%%

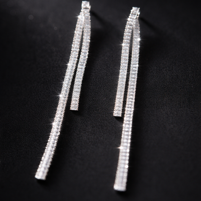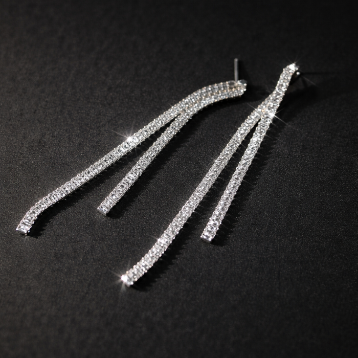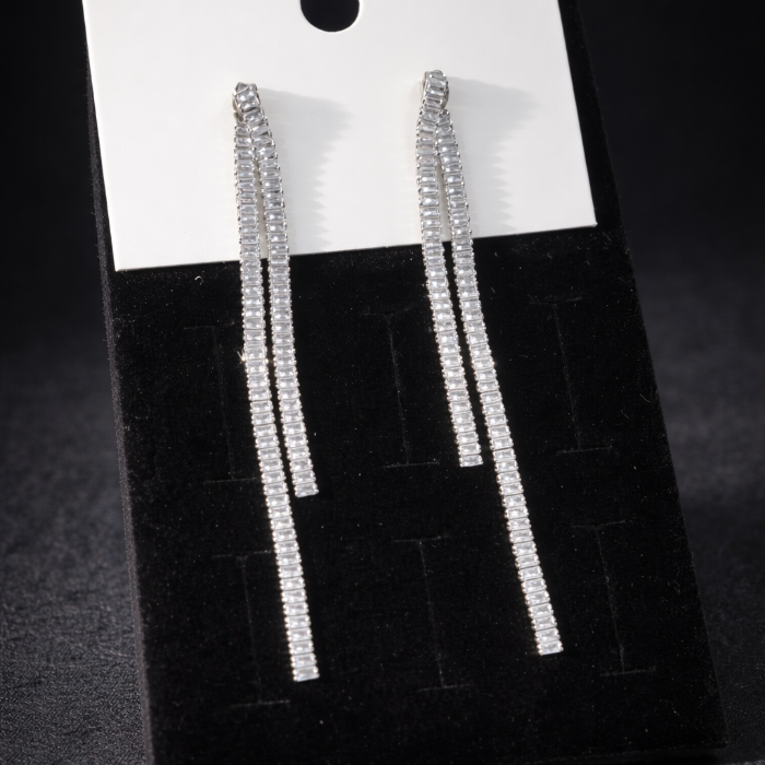 Серьги длинные висячие со стразами "Вечерние", цвет: серебристый и прозрачный, арт.012.058 2 фото
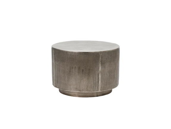 Rota Coffee Table H35 Ø50 Brushed Silver fra House Doctor er et rundt sofabord, der tilføjer karakter og charme til din indretning. Bordet er designet med lodrette riller og en uregelmæssig overflade, som med sine bevidste ufuldkommenheder giver et unikt og raffineret udtryk.
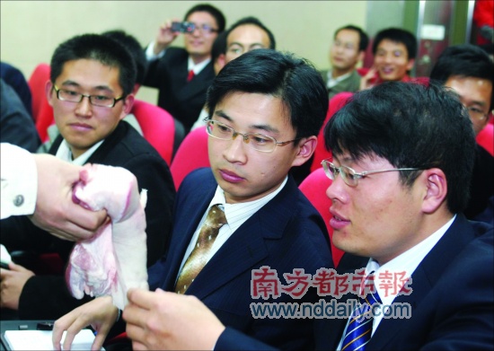 据该公司介绍,按最初的计划,公司只招收15名研究生,但吸引了1500名高材生应聘,公司才决定扩招至30人。经过多轮考核后发现,学生的素质都非常高,公司无法取舍,出于储备人材的考虑,又扩招了5人。因此总计招收35人,4人为女性。
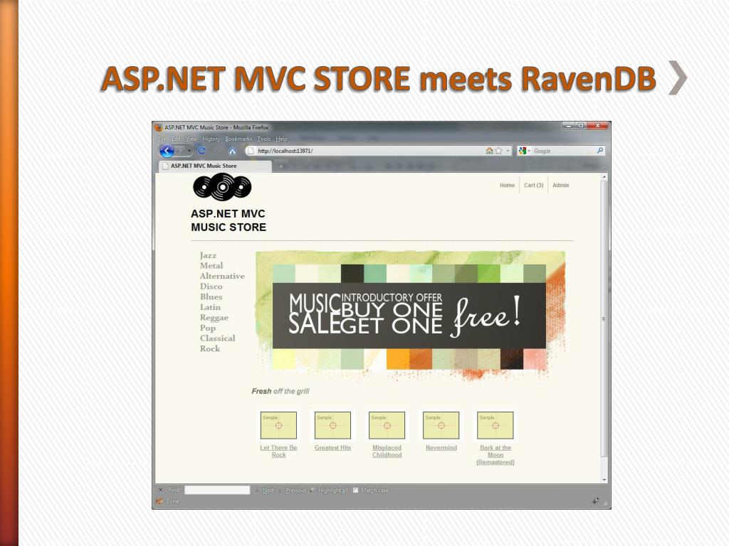 What does Raven DB have to offer? • Nice web interface allowing you to see, manipulate and query your documents. • Is REST based, so you can access it via the java script API directly. • Can be extended by writing MEF plugins. • Has trigger support that allow you to do some really nifty things, like document merges, auditing, versioning and authorization. • Supports partial document updates, so you don’t have to send full documents over the wire. • Supports sharding out of the box. • Is available in both OSS and commercial modes. http://ayende.com/Blog/archive/2010/05/13/why-raven-db.aspx
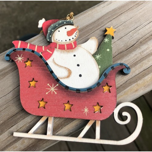 Wood Snowman in a Sleigh Christmas Ornament
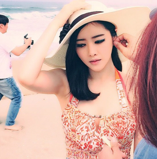 홍수아의 모습이 담겨있다. 촬영을 준비중인 그는 진지한 표정을 보이고 있다.

%%

• _Work instructions_
Beginning with the line that contains "What does Raven", output each line of the material above through the last one exactly as it stands. Do not include the pictures.

• _Reply_
 What does Raven DB have to offer? • Nice web interface allowing you to see, manipulate and query your documents. • Is REST based, so you can access it via the java script API directly. • Can be extended by writing MEF plugins. • Has trigger support that allow you to do some really nifty things, like document merges, auditing, versioning and authorization. • Supports partial document updates, so you don’t have to send full documents over the wire. • Supports sharding out of the box. • Is available in both OSS and commercial modes. http://ayende.com/Blog/archive/2010/05/13/why-raven-db.aspx
 Wood Snowman in a Sleigh Christmas Ornament
 홍수아의 모습이 담겨있다. 촬영을 준비중인 그는 진지한 표정을 보이고 있다.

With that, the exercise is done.